Each party warrants that it has no contractual obligation to any third party
that is inconsistent with its obligations under this Agreement or with the
rights and licenses granted by it pursuant to this Agreement.


SECTION X
INDEMNIFICATION

10.1 Each party shall defend against suits, claims, and demands and shall
indemnify and hold harmless the other, its corporate affiliates, and its or
their officers, directors, employees, and agents and its or their successors and
assigns against and from any and all third-party losses, liabilities, damages,
and expenses (including reasonable attorneys' fees) arising out of or in
connection with, but only to the extent that such losses, liabilities, damages
claims, demands, and expenses arise out of or in connection with, (a) personal
injury (including death) or damage to tangible personal property (not including
lost data) arising from the negligent or intentional acts or omissions of the
indemnifying party or its subcontractors, or the officers, directors, employees,
agents, successors, and assigns of any of them, or (b) assertions under worker's
compensation or similar laws made by persons furnished by the indemnifying
party.

10.2 The foregoing indemnification obligations are conditioned upon the
indemnified party promptly notifying the indemnifying party of any written
claim, loss, or demand for which the indemnifying party is responsible under
this Section, cooperating with the indemnifying party as reasonably required,
and granting the indemnifying party the exclusive right to defend or settle the
claim.

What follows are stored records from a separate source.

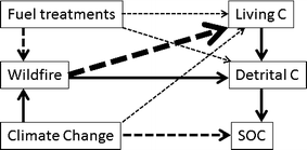 We used a simulation modeling approach that couples a landscape model of forest disturbance and succession with an ecosystem model of carbon dynamics (Century), to quantify the interacting effects of climate change, fuel treatments and wildfire for carbon storage potential in a mixed-conifer forest in the western USA.
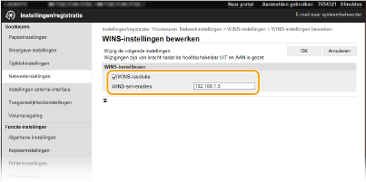 WINS (Windows Internet Name Service) is een service voor naamomzetting waarmee een NetBIOS-naam (de naam van een computer of printer in een SMB-netwerk) wordt gekoppeld aan een IP-adres. U moet de WINS-server opgeven om WINS in te schakelen.
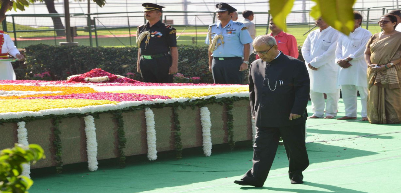 The President of India, Shri Pranab Mukherjee paying floral tributes at the Samadhi of Mahatma Gandhi on the occasion of his 146th Birth Anniversary, at Rajghat, in Delhi on October 02, 2015 .
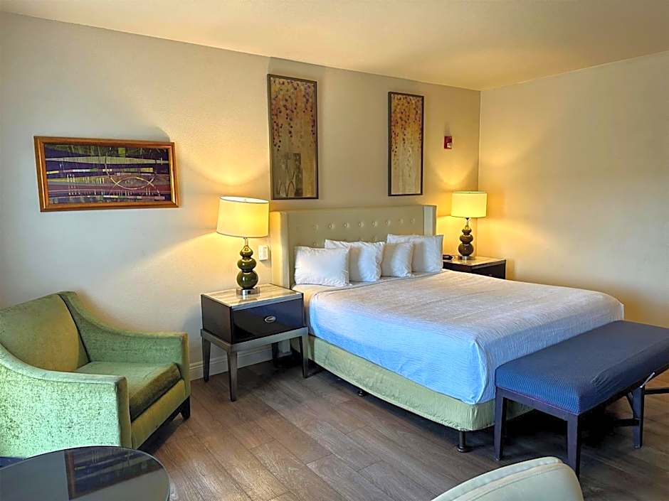 This spacious suite features an extra-large bed, free Wi-Fi access and a hydromassage bath.
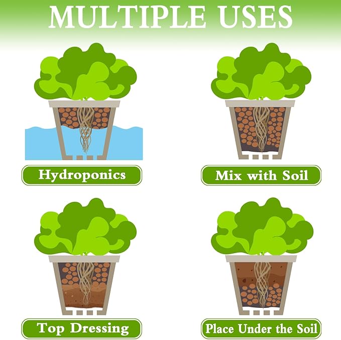 - Natural Material: Our expanded clay pebbles are natural, organic, porous and lightweight. They are baked at high temperature, no chalking in water. Therefore, leca is a good growth medium for hydroponic plants and soilless plants. These clay pebbles are a must-have for perfect moisture control and happy roots
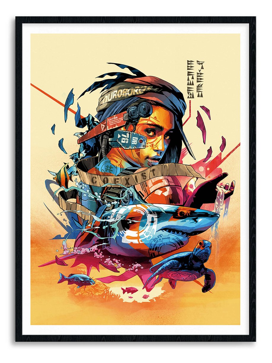 This print does not come framed. Picture of framed Print is to show how it will look once it is framed. This is a true masterpiece, bright bold colors and amazing conceptual art!
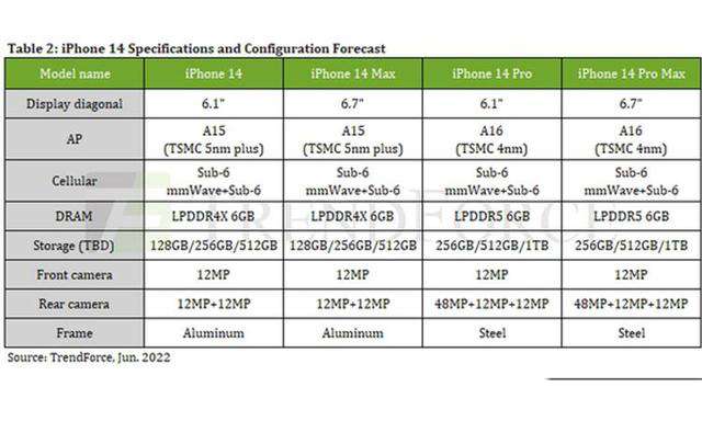 与前代最大的升级就是,这四款机型全系标配了6GB内存,不过基础版的iPhone 14和iPhone 14 Max则采用的是LPDDR4X规格内存,而iPhone 14 Pro与iPhone 14 Pro Max采用的是LPDDR5规格内存。
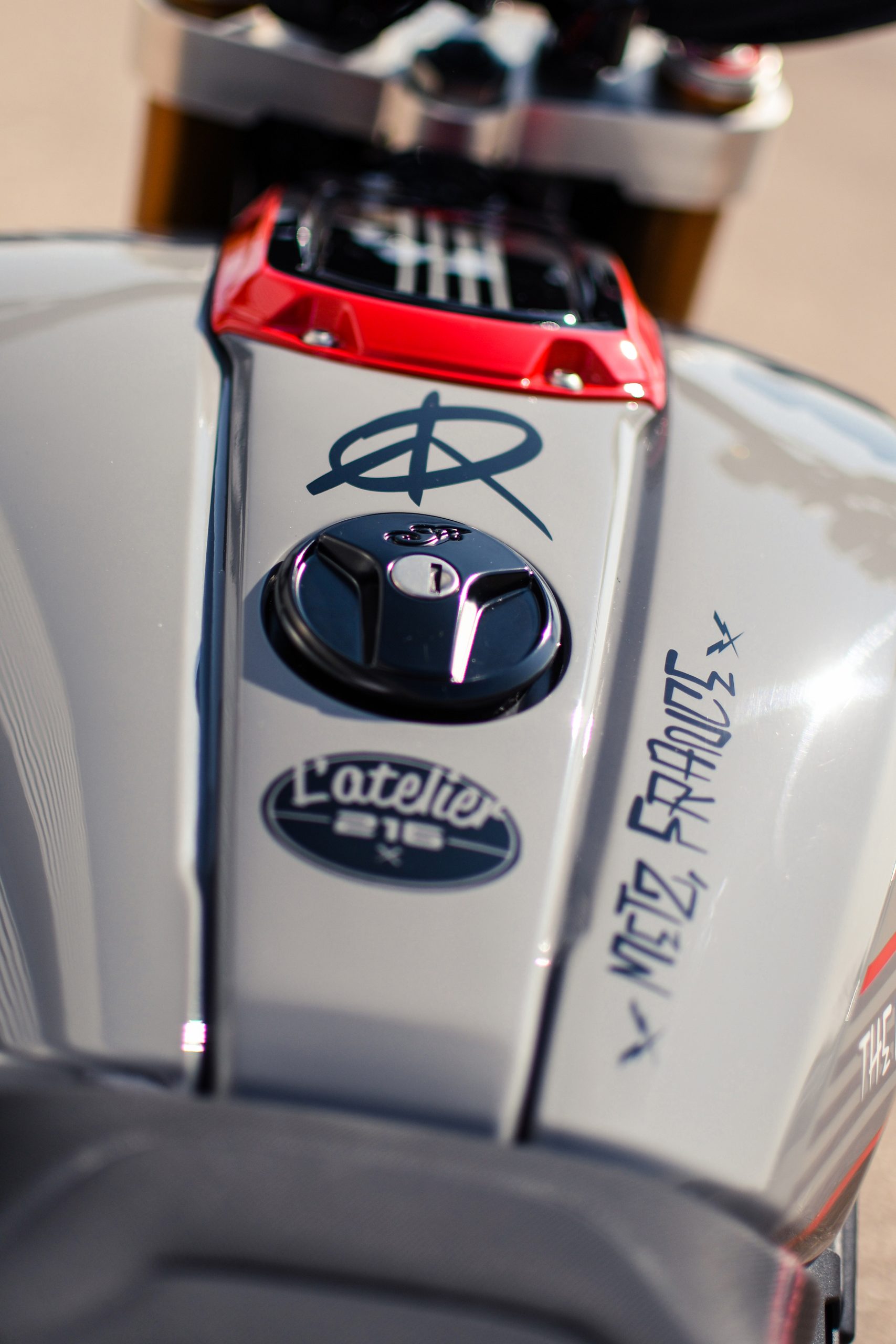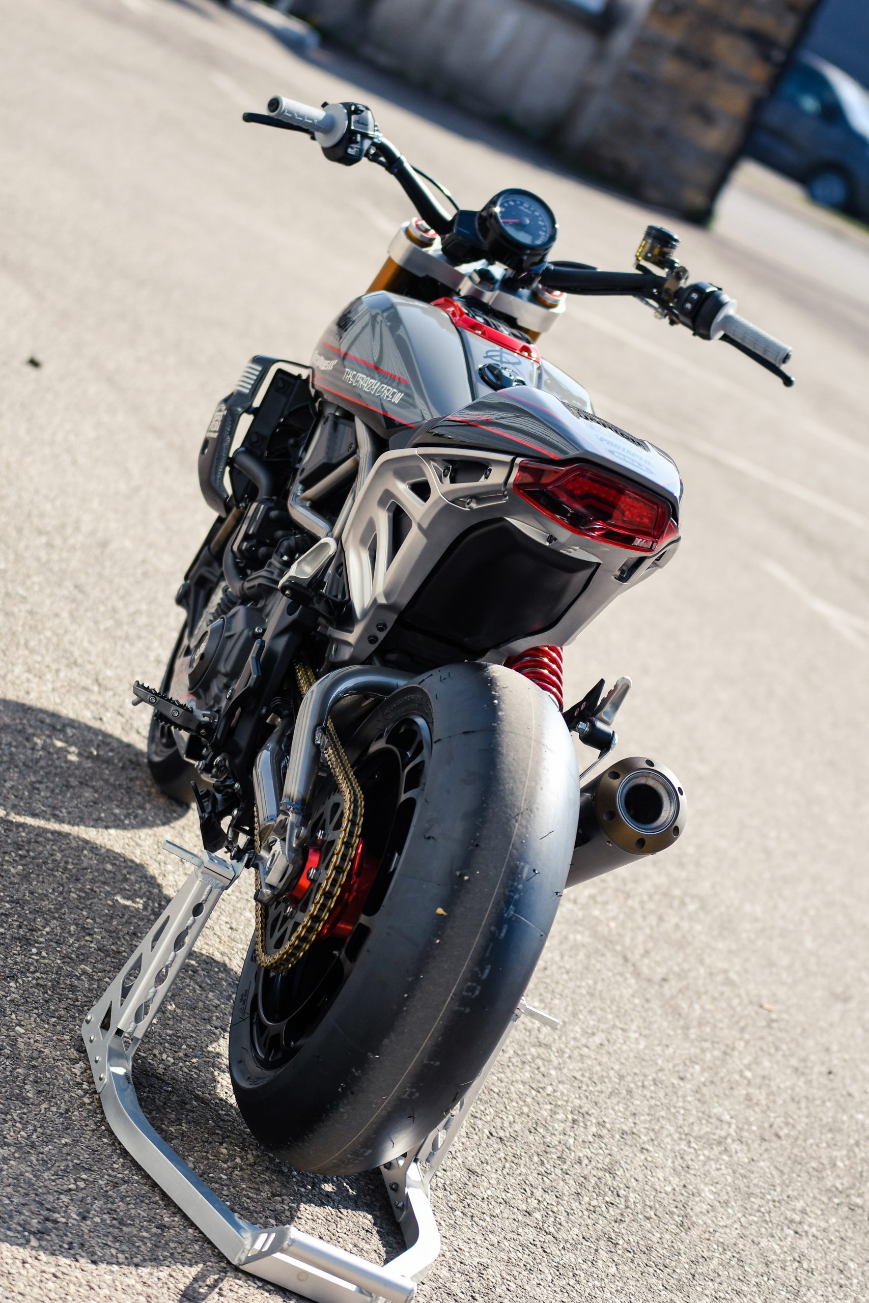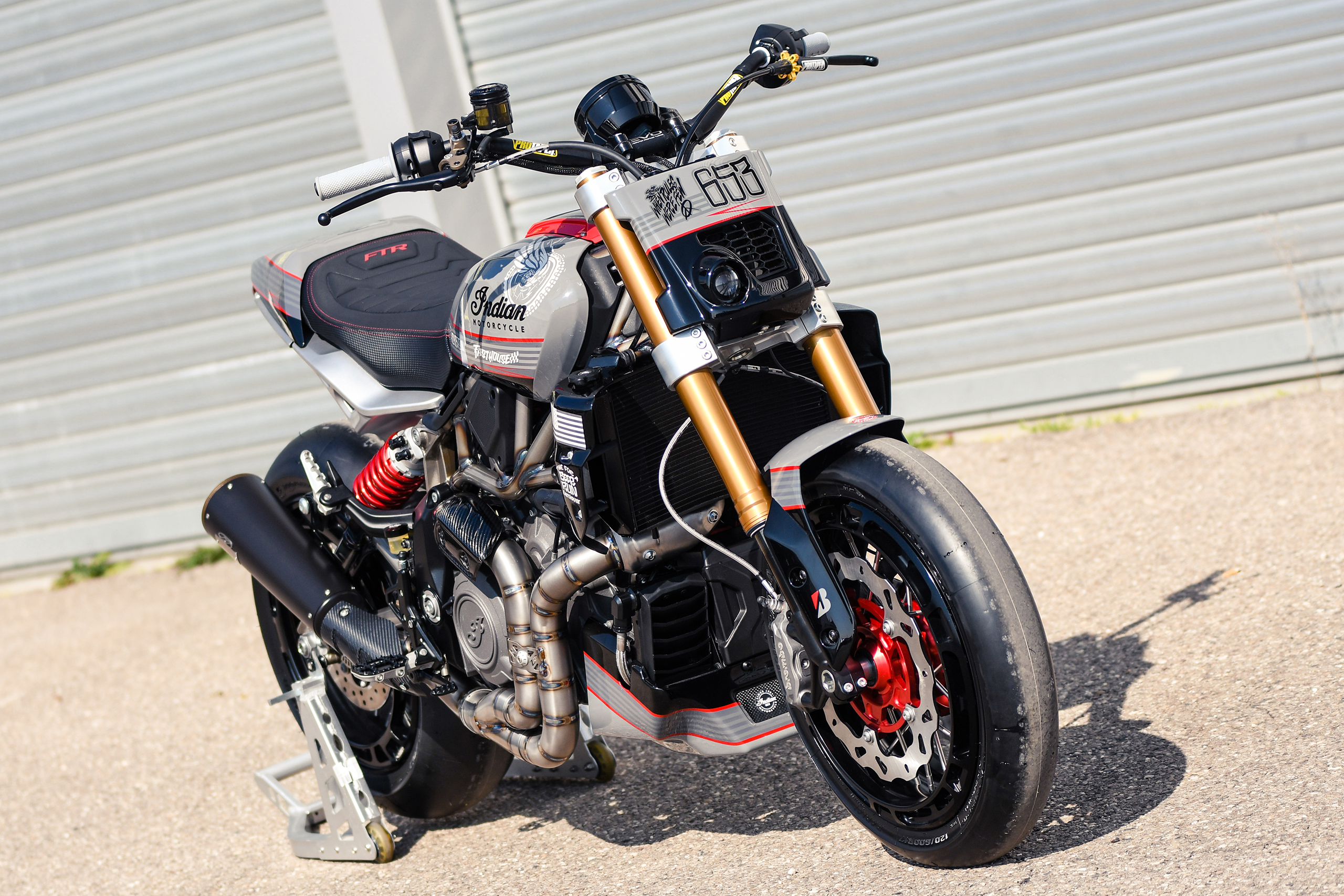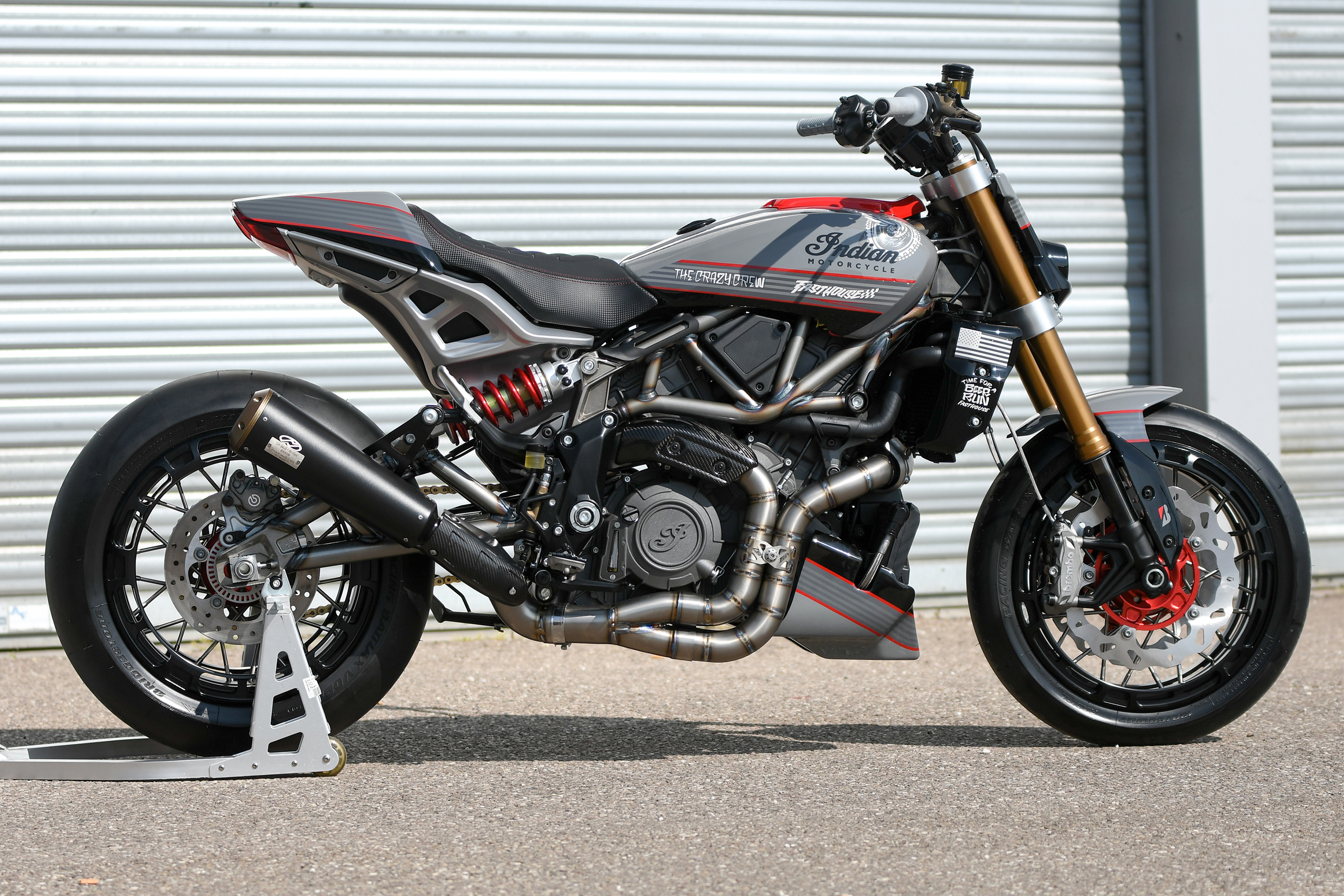 Après avoir construit une foule de customs basées sur la plate-forme, Thomas Castany et Alexis Masin d’Indian Metz ont décidé qu’ils voulaient quelque chose d’amusant et de ludique, et se sont inspirés du monde du motocross freestyle. Bien sûr, ils n’étaient pas intéressés par les backflips ou les whips, l’idée était de créer quelque chose qui prenait le plaisir du FMX et le traduisait sur la route. Combinant avec leurs amis de L’Atelier 216 et des sponsors tels que Fasthouse, les travaux ont rapidement commencé. J’ai eu l’immense chance de shooter la bête !
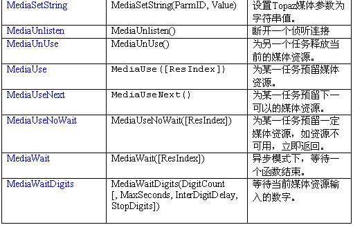 控制媒體資源的函數(shù)如下:
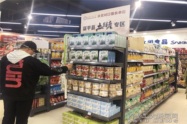 (本网讯)为深入贯彻习近平总书记在解决“两不愁三保障”突出问题座谈会上关于“组织消费扶贫”的重要指示精神,响应党中央和国务院关于深入开展消费扶贫助力打赢脱贫攻坚战的号召,11月16日,富平县土特产专柜在乐玩在线客服校园超市内正式开张运营。琼锅糖、棒棒馍、羊奶粉、羊奶片等20多种富平地道农特产琳琅满目。
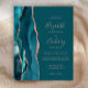 The left-hand edge of this elegant modern wedding invitation features a teal watercolor agate border trimmed with faux rose gold glitter. The customizable text combines rose pink handwriting, copperplate and italic fonts on a teal blue background. The reverse side features a matching teal and rose gold agate design.
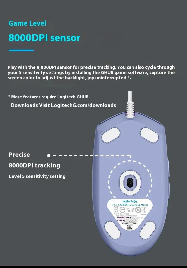 Logitech G203 wired mechanical gaming mouse csgo eat chicken press gun game peripheral RGB lighting
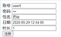 <form> 账号 <input type="text" name="userId" id="userId"><br/> 密码 <input type="password" name="password" id="password"><br/> 性名 <input type="text" name="name" id="name"><br/> 日期 <input type="text" name="date" id="date"><br/> 时长 <input type="text" name="time" id="time"><br/> <button type="button" onclick="register()">注册</button> </form> <script> function register() { var userId = $('#userId').val(); var password = $('#password').val(); var name = $('#name').val(); var date = $('#date').val(); var time = $('#time').val(); $.ajax({ url: '/user/toRegister', type: 'post', data: { userId: userId, password: password, name: name, date: date, time: time }, success: function (dt) { if(dt.code===200){ alert('注册成功'); } } }) } </script>
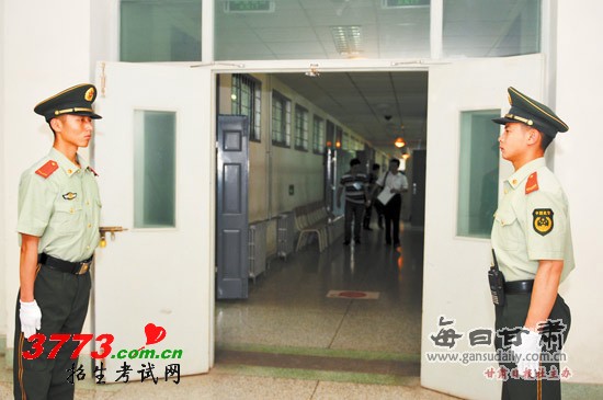 6月12日,两名武警战士在西北师大评卷点执勤。本报记者 房毅 摄

The indemnifying party may not, without the written consent of the
indemnified party, agree to any settlement: (i) that requires the indemnified
party to make any payment that is not indemnified hereunder, (ii) that does not
grant a general release to the indemnified party with respect to the matters
underlying such claim or action, (iii) that involves the sale, forfeiture or
loss of, or the creation of any lien on, any material property of the
indemnified party, or (iv) that would have a material adverse affect any future
liabilities of the indemnified party.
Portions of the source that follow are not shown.